God knows exactly where I am and what I need. I was at church tonight and the Elder was teaching and she told a story about how in Jamaica people hike the Blue Mountains.  She went along with a group of people to hike.  They started at 3am.  By 6am, she was tired and she kept looking up and while looking up, she would notice how far they had to go and how long it would take them to get the.  She then began to look behind her and in her mind, she was so tired and overwhelmed that she felt like laying down and rolling back down because she couldn't imagine getting to the top. She correlated this with life.  A lot of times, we spend so much time looking at the mountain that we get tired and overwhelmed and it causes us to stop and go back.  When we get tired, we get weary and we start to faint and we stop.  But, the Bible say not to get weary in well doing because in due season you reap if you don't faint....Gal 6:9.  I've been fighting weariness and I thank God for my strength. The Bible says that the joy of the Lord is my strength. So I will rejoice in my God!!

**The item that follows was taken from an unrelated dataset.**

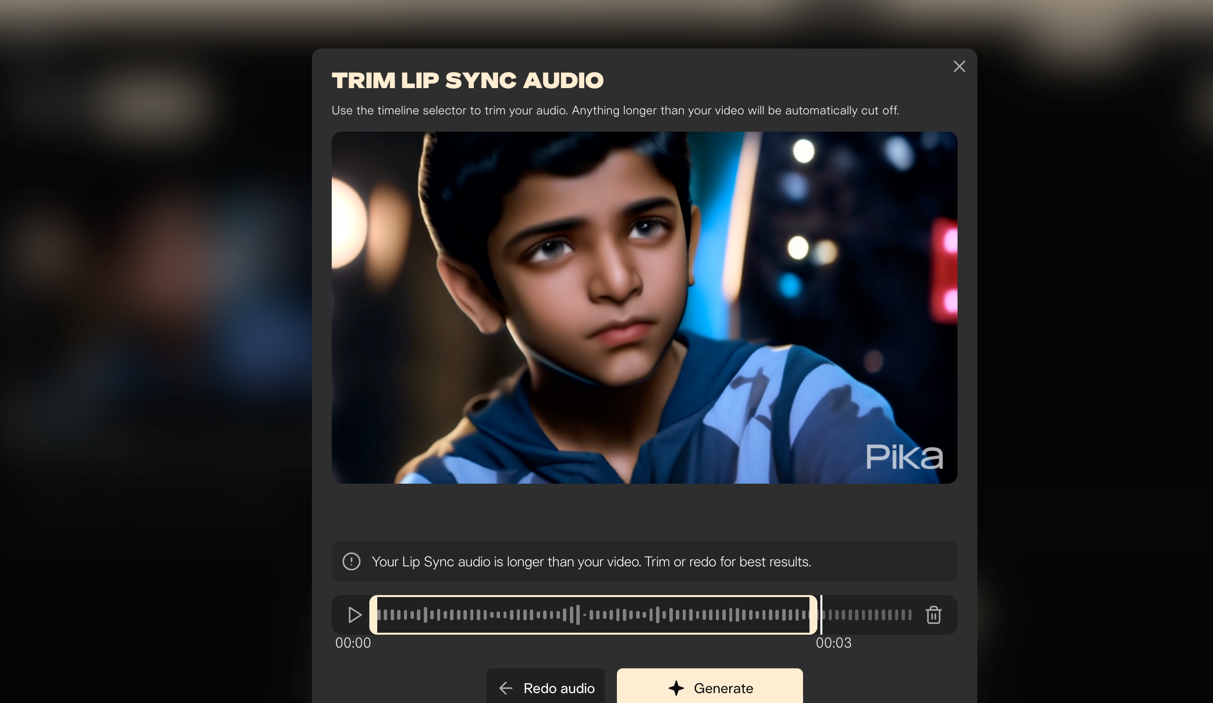 Once you’ve uploaded your voice file or created an AI voiceover, click on the “Generate” button. Pika AI will then prompt you to adjust your VoiceOver length if it exceeds 4 seconds.
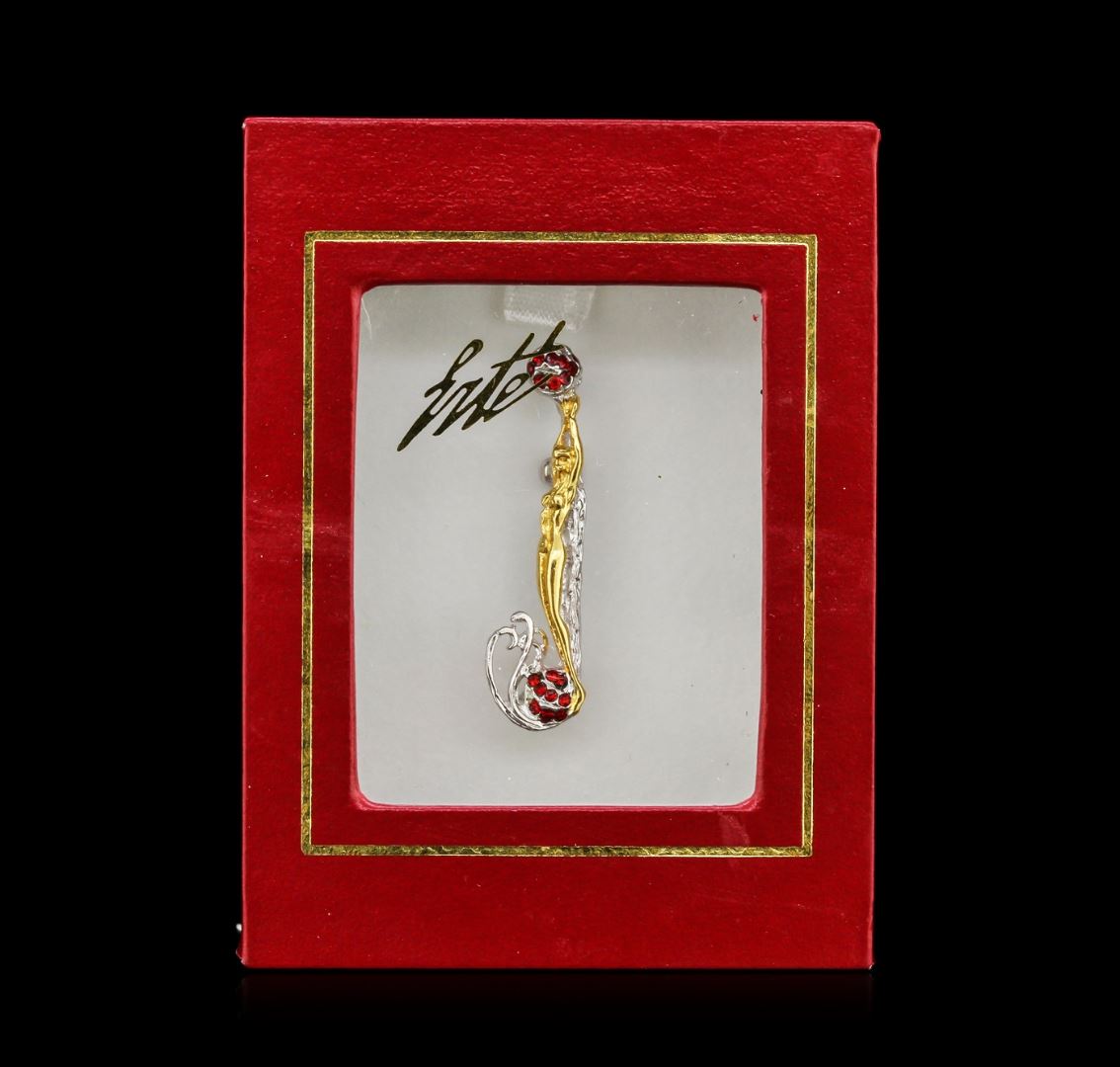 Erte's famous "Alphabet" series was first a Suite of serigraphs and then a priceless collection of figures cast in precious metals set with gemstones. We are pleased to present this sparking Pendant/Brooch depicting the letter "J", made of solid gold-plated Sterling Silver. The item weighs approximately 3 grams.

Saturday, October 27, 2012

Self Diagnosis

My age and my weight continues to elevate.  There is nothing I can do about my age, but I can do something about my weight. And I've been on a mission to figure out why I can't lose weight and by golly I think I've got it!!!

INSULIN RESISTANCE.

This may also be the cause of my enlarged thyroid, acne, facial hair, and belly fat.

When I gained 25lbs last year, I knew something was wrong. Especially since I've gained the weight mostly in my belly.  I was 180lbs for a long time and my belly was not fat, but when I gained the 25lbs that's where most of it settled.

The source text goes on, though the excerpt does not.